We repeated the protein aggregation assays in the presence of ATP or ADP and found that the chaperone function of PfHsp70-z was not influenced by nucleotide (Fig. 6B, B1). On the other hand, as previously observed (Shonhai et al. 2008), the addition of ATP to the assay mix inhibited the protein aggregation suppressive function of PfHsp70-1 (Fig. 6C, C1). However, ADP did not affect the chaperone function of PfHsp70-1. It is known that ADP enhances substrate binding (holdase) function of Hsp70 (Mayer et al. 2000), and therefore this finding is in agreement with this position for both PfHsp70-z and PfHsp70-1. However, in the presence of ATP, the activity of the combination of the two proteins was slightly reduced (Fig. 6C, C1). We attribute the poorer efficiency of the combined action of PfHsp70-z and PfHsp70-1 in the presence of ATP to the inhibition of PfHsp70-1 by ATP (Shonhai et al. 2008; Fig. 6C, C1).
PfHsp70-z interacts with PfHsp70-1 in a nucleotide-dependent fashion
PfHsp70-z and PfHsp70-1 are both reported to localize to the cytosol of the parasite (Pesce et al. 2008; Gitau et al. 2012; Muralidharan et al. 2012). Furthermore, both proteins are stress-induced and it is further thought that PfHsp70-z may serve as the sole NEF of PfHsp70-1 (Zininga et al. 2015a). For this reason, we investigated the physical association of these two molecular chaperones. Cell lysate harvested from blood stage parasites that were cultured under normal temperature (37 °C) and heat stress conditions (42 °C) was used to conduct immunoaffinity chromatography assays using anti-PfHsp70-z antibodies. As a control, we allowed the cell lysate to flow through a column that was packed with beads in the absence of immobilized anti-PfHsp70-z antibodies. There was no evidence for the presence of PfHsp70-1 protein in the control eluate (Fig. 7a, lane C). Next, the buffer in which the cell lysate was suspended was modified as follows: one batch had no supplemented nucleotide, and to the other two batches we added 5 mM ADP or ATP, respectively. Following this, we conducted immunoaffinity chromatography using a column onto which anti-PfHsp70-z antibodies were immobilized. We then probed for the presence of PfHsp70-1 associated with the PfHsp70-z protein. We previously validated that anti-PfHsp70-1 antibodies do not cross-react with PfHsp70-z (Zininga et al. 2015a), and this was an important requirement for this assay as antibody cross-reactivity would have confounded our investigation. We observed that higher titers of PfHsp70-1 protein were associated with PfHsp70-z in the parasites that were cultured at 42 °C compared to culture that was maintained at 37 °C (Fig. 7a). However, the association of PfHsp70-1 with PfHsp70-z was promoted in the presence of nucleotide, with ATP being more effective at promoting the association compared to ADP. This trend was observed for cell lysate obtained from cultures maintained both under normal and heat stress conditions. Altogether, these findings suggest that not only are both PfHsp70-z and PfHsp70-1 induced by heat stress but that their association is sustained under stressful conditions. Furthermore, their association is nucleotide-dependent.
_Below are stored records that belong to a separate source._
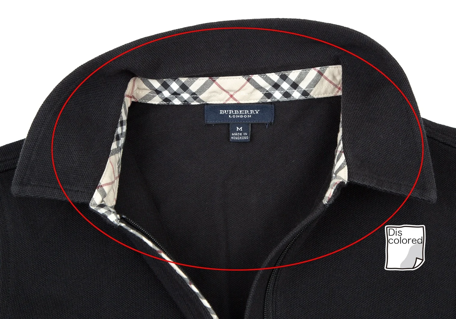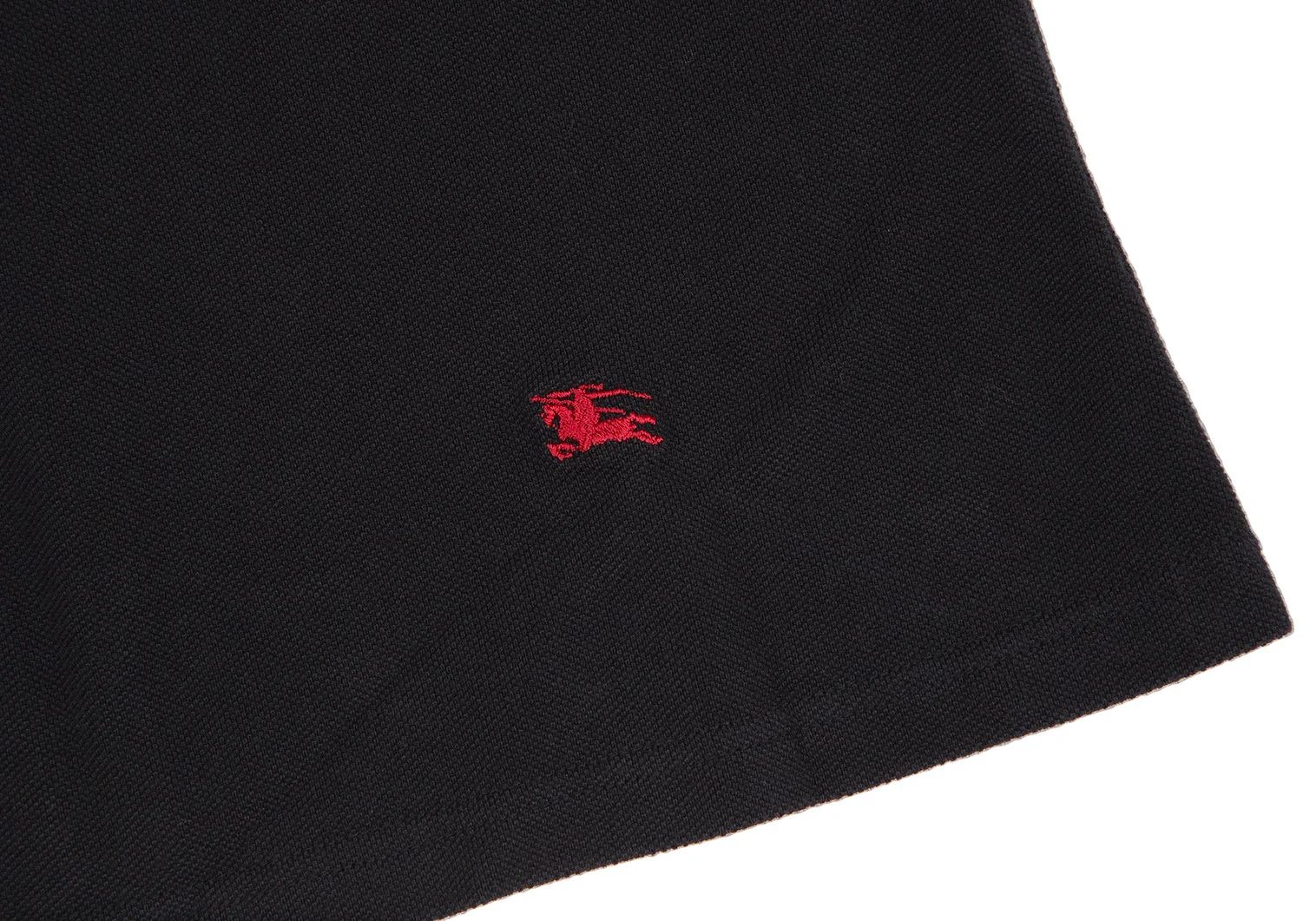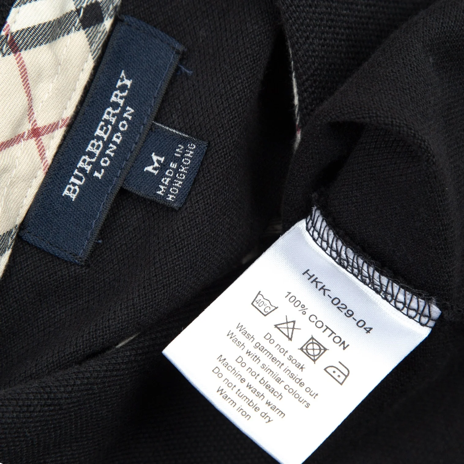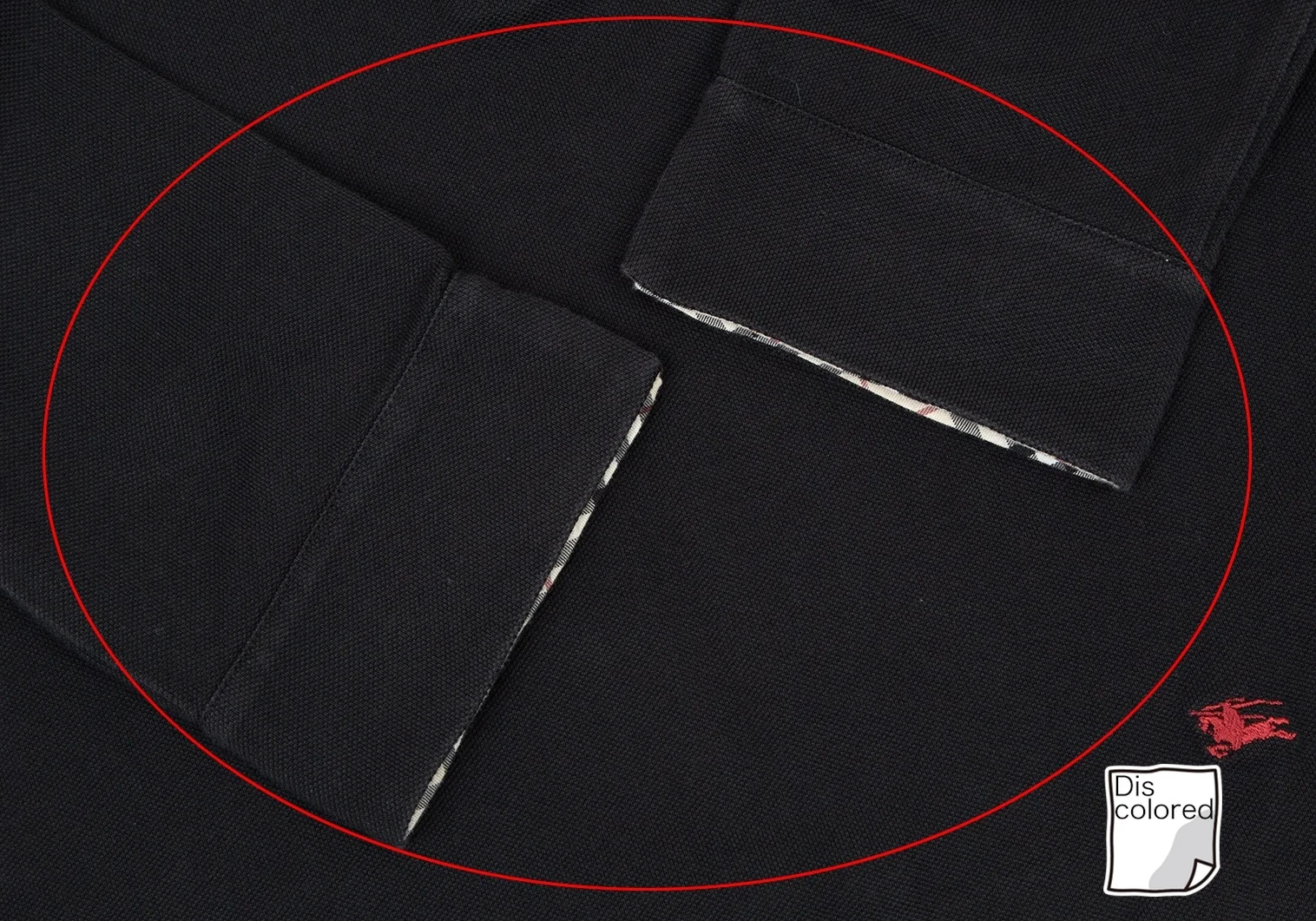 バーバリーロンドンBURBERRY LONDON コットン鹿の子ハーフジップ7部袖ポロシャツ 黒M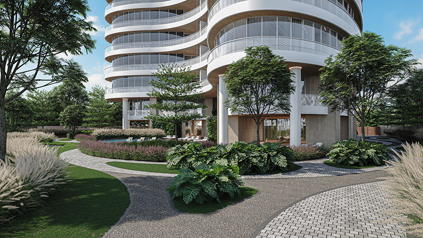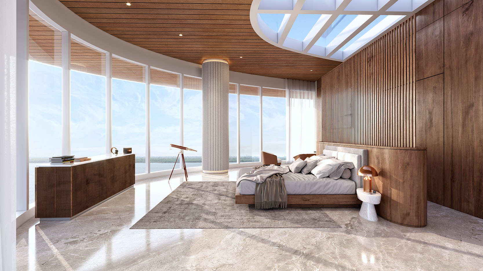 immersive and unparalleled living experience. The villa interiors also mirror the fluidity of the external form. Curved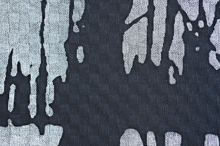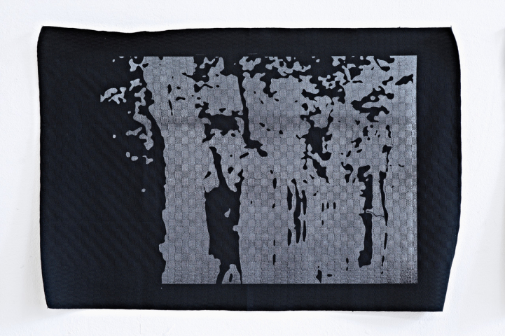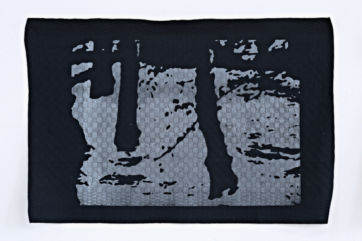 For this work, found photographs of floods were graphically reduced and transferred using screen printing onto miner’s towels. Miner’s towels are thickly woven cotton textiles, originally produced for mine workers, which they used to wrap their food or for keeping clean. Today these towels are especially popular as dish towels. The work was produced for an exhibition at Schloss Ringenberg—a moated castle in the Lower Rhein region, a historic center for the textile industry as well as for coal mining. Our perception today is increasingly desensitized to the motifs in the work—images of catastrophic states of exception—in two respects. On the one hand, with the ephemeral and ubiquitous flood of visuals today, photographic images lose their impact; on the other hand, in these times of climate change, the sight of alarming weather extremes is becoming all too familiar. Through a shift in the choice of image carrier and the connection of digital image and textile emerges however a subtle media-based disruption. Not only does the image become haptic and connect the crude materiality of the textile with the implicit wetness of the visuals, but the alienation of the image through reduction—like an optical illusion that appears to change between the real image and abstract impressions—also gives the starting image a formal beauty, linking the tragic with the aesthetic.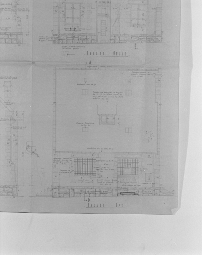 Construction d'un bureau de poste, façade est, par Pierre-Jack Laloy, 10 octobre 1950.Immatriculation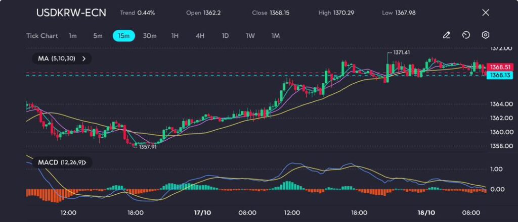Picture: USD/KRW climbs to 1368.15, with bullish momentum slowing as traders watch for resistance near 1371.41 as seen on the VT Markets app.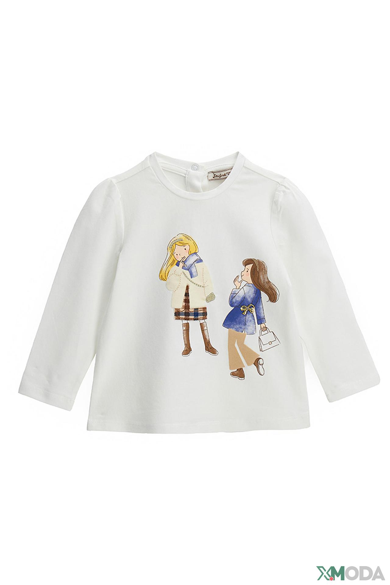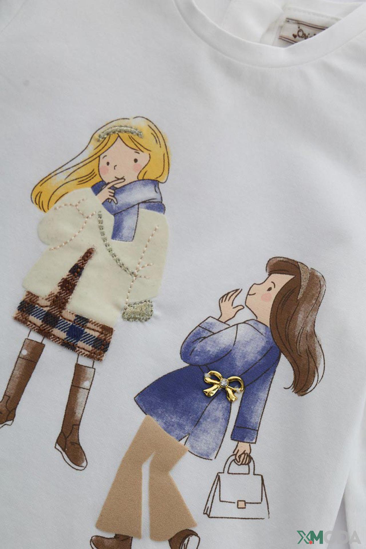 Детская футболка Original Marines с длинным рукавом создана для комфорта и стиля вашей малышки. Модель выполнена из высококачественного трикотажа (92% хлопок, 8% эластан), что обеспечивает мягкость, эластичность и долговечность изделия. Белая футболка украшена объемной аппликацией с изображением двух девочек, дополненной стильным принтом и элегантным золотистым бантом со стразами, который придает изделию особое очарование. Это идеальная детская одежда для повседневной носки, прогулок и детского сада.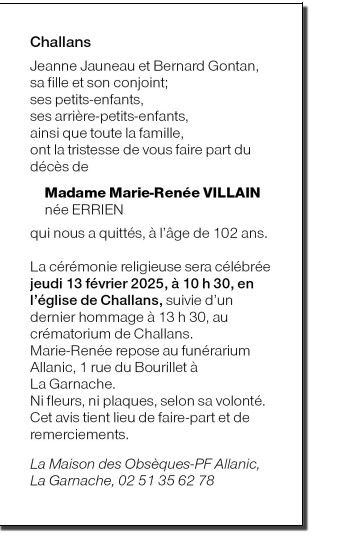 Cet espace « condoléances » est dédié à la mémoire de Madame Marie-Renée VILLAIN née ERRIEN.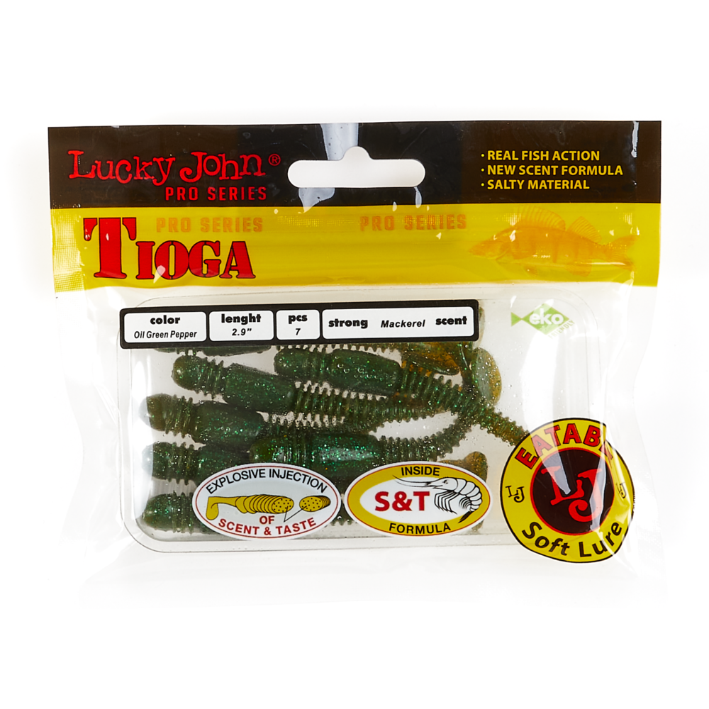 Lucky John TIOGA ir māneklis, kas īpaši izstrādāts asaru un zandartu ķeršanai. Unikālā korpusa forma ūdenī rada šūpojošas kustības, kas piesaista plēsējus. Sānu rievojums pastiprina mānekļa spēli, padarot tā kustības dabiskākas. Šim hibrīda māneklim ir tārpam līdzīgs korpuss ar raksturīgu sabiezinājumu priekšējā daļā un nelielu astīti. Māneklis ir impregnēts ar noturīgu makreles aromātu. TIOGA ir pieejams vairākās krāsu variācijās un 5 izmēros – 2” (5,1 cm), 2,4” (6,1 cm), 2,9” (7,4 cm), 3,4” (8,6 cm) un 3,9” (9,9 cm).

As a follow-up to the coimmunoaffinity analysis, we conducted a coaffinity chromatography assay using polyhistidine-tagged recombinant PfHsp70-z protein to attract prey protein from the parasite lysate (Fig. 7b). As a control, we allowed the cell lysate to pass through the cobalt resin without recombinant PfHsp70-z protein immobilized. There was no evidence of the presence of PfHsp70-1 in the control eluate (Fig. 7b, lane C). Our findings using this assay mirror the observations we made based on the coimmunoaffinity assay further confirming that ATP enhances association of PfHsp70-z with PfHsp70-1.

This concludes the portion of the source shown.